Forest Buffet: Blight of the White-Tailed Deer

By MEREDITH HAAS/ecoRI News contributor

NORTH KINGSTOWN, R.I. — East Coast forests are literally being eaten away, according to Thomas Rawinski of the USDA Forest Service. “I’m convinced that deer are the single greatest threat to eastern forests,” he said during his March 29 presentation at a Rhode Island History Survey conference entitled “Trends in Human-Wildlife Interaction” that was held at the Quonset ‘O’ Club.

Deer impair a forest’s ability to regenerate by attacking native species and consuming everything in sight, he said, noting that we’re seeing major shifts ecologically as deer have overwhelmed and drastically changed the landscape and culturally by how society views nature and its role within it.

“Rhode Island forests were much different 25 years ago,” Rawinski said. “I love deer, but I hate what people have allowed them to do to Rhode Island forests.”

The crux of the problem, he said, is that deer increase the economic and esthetic benefits, but also cause more harm because there are so adaptable and such a prolific prey species. “They’re adaptable and can live amongst us,” Rawinski said. “They’ve beguiled us with beauty and grace.”
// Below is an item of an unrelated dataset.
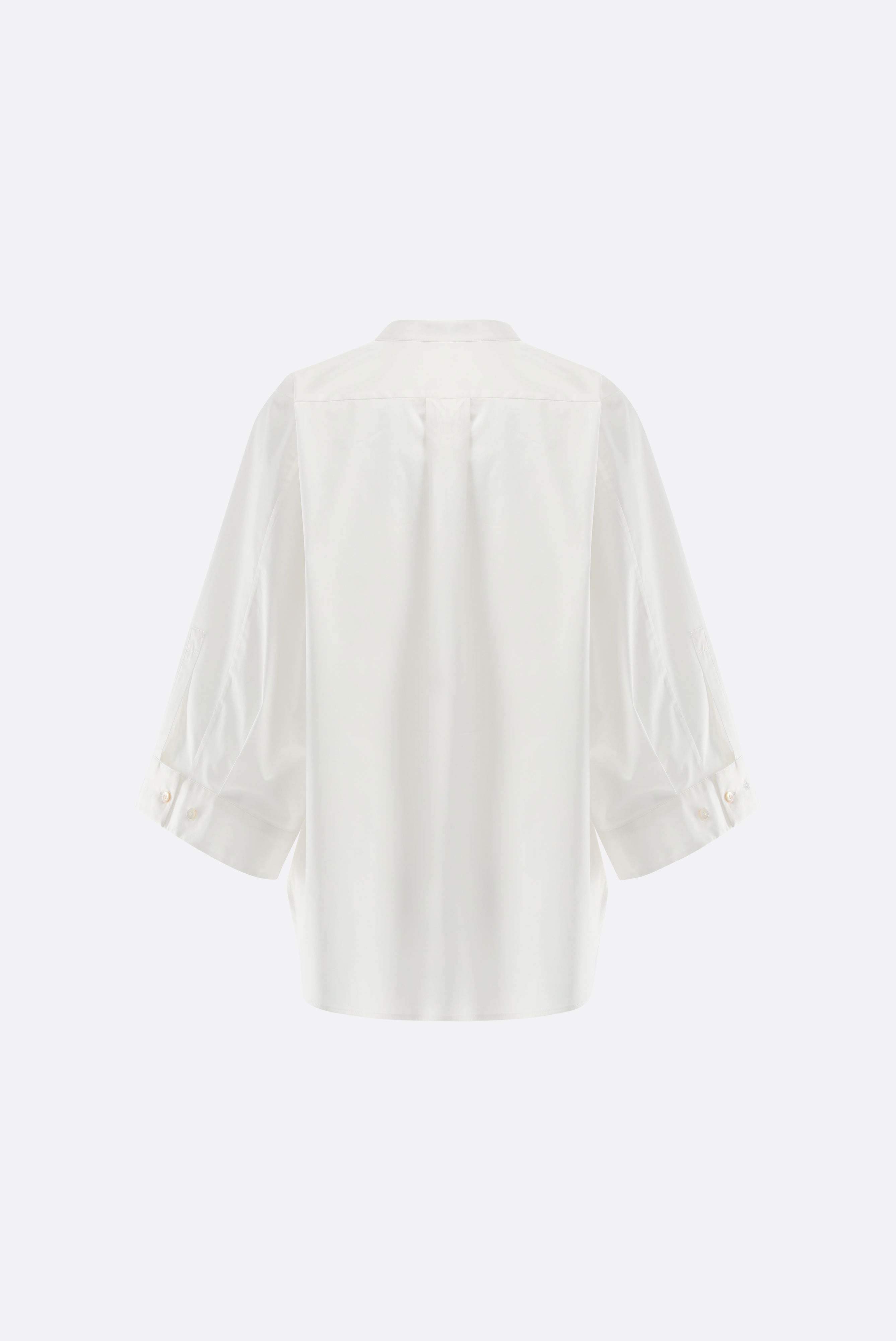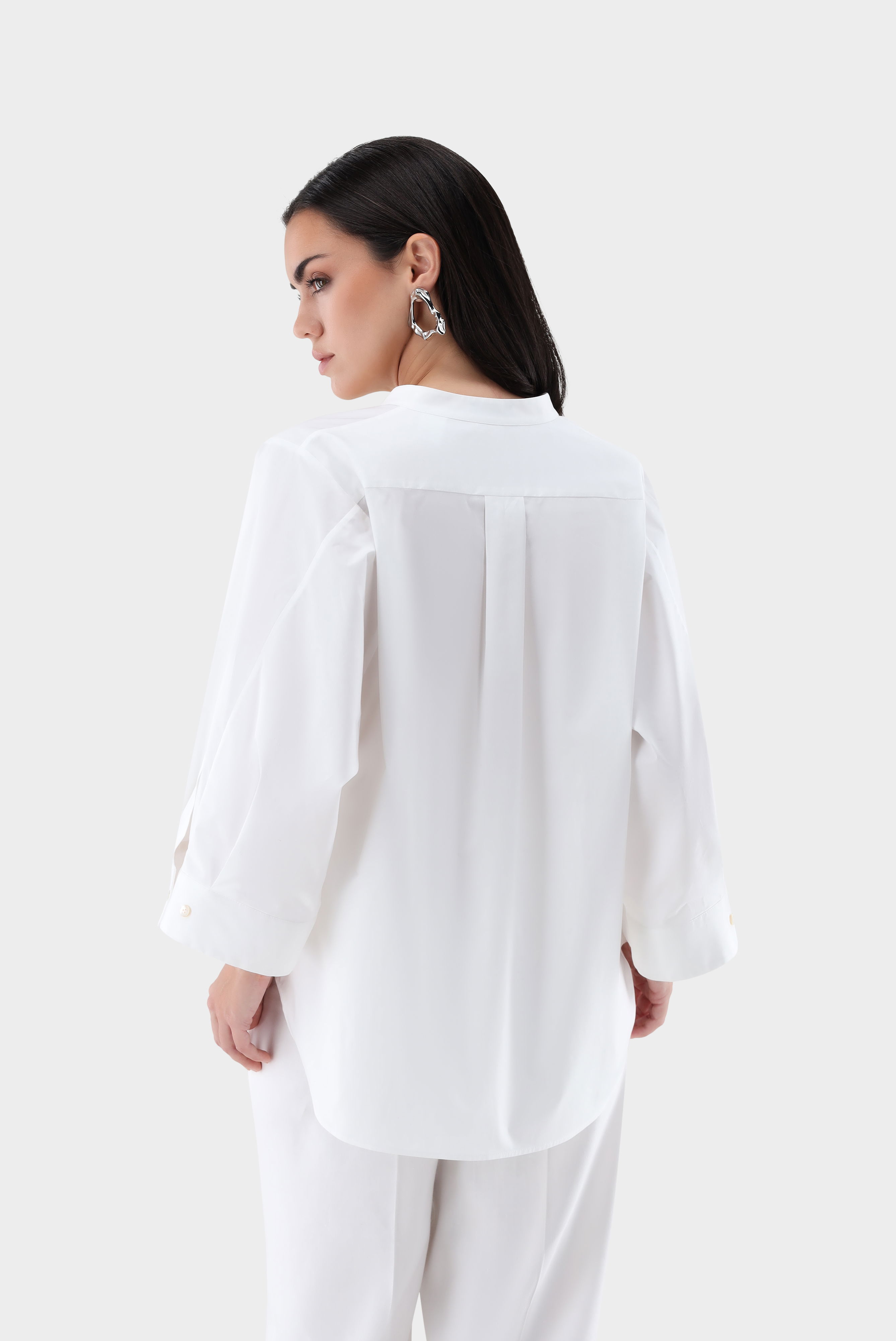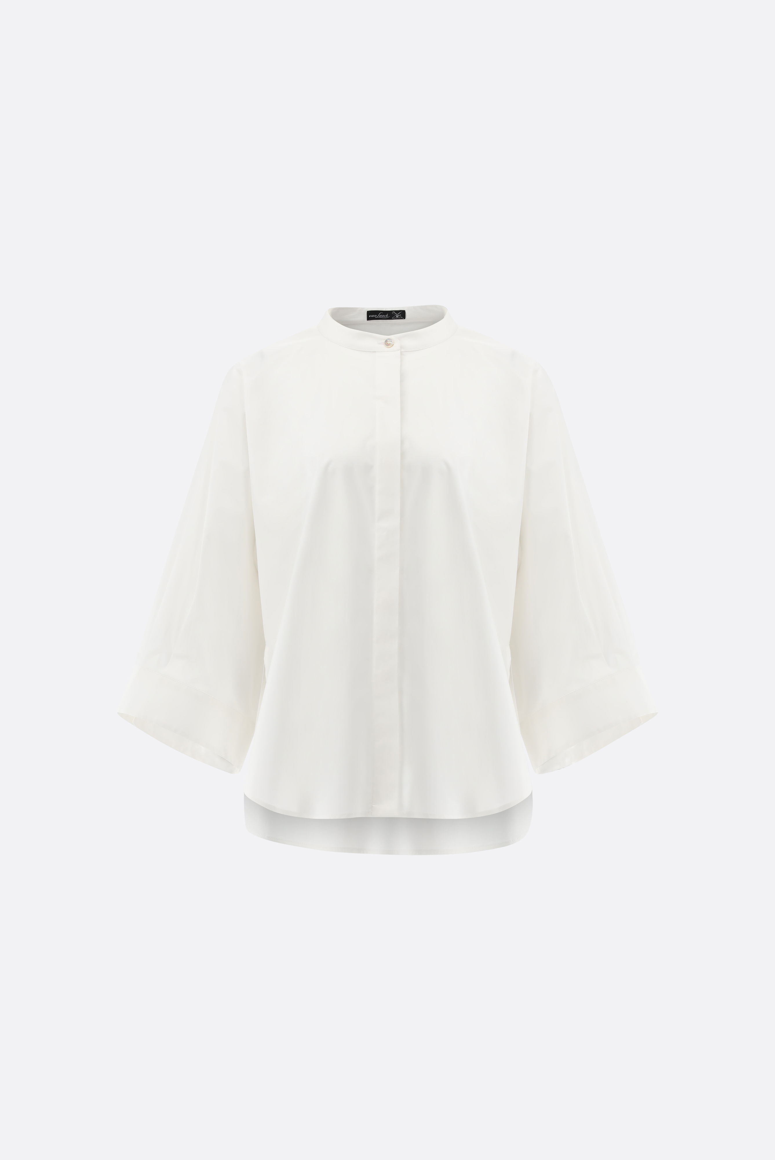 This relaxed-fit blouse impresses with its modern silhouette and extra-wide 7/8 sleeves. A concealed button placket and stand-up collar add a touch of understated elegance, while a back yoke with a box pleat and side slits offer freedom of movement. Crafted from a high-quality cotton-stretch blend in paper-touch poplin, this style boasts a smooth surface, shape retention, and a pleasant feel. Versatile and easy to style, it's ideal for both stylish casual and business-casual looks.

White-tailed deer are selective eaters when there is an abundance of food, but as their population increases their diet shifts to low-preference species and increases impact on plants such as viburnum, pink lady slippers, wild sarsaparilla and American beech. As a result of their voracious appetite, diversity in plant species is lost and impairs a forest from regenerating.

It’s a human-caused problem that revolves around the predator control issue, Rawinski said. “We tried to gentrify nature and exclude unsavory characters,” he said, noting that hunters and other predators are seen as unsavory characters. “Nature has its own rules and deer come back with a vengeance when land is used for passive recreation.”

Rawinski’s goal is to get people concerned before there is a problem. “It’s a ticking time bomb,” he said. “People become concerned once the population has already exploded.”

The white-tailed deer population (pdf) becomes a problem when the environment is changed in a way that interferes with how it should function, causing an increase in disease and an increased risk to public health. In 2004, there were an estimated 15,800 white-tailed deer in Rhode Island, and their population is still rising, according to the state Department of Environmental Management (DEM).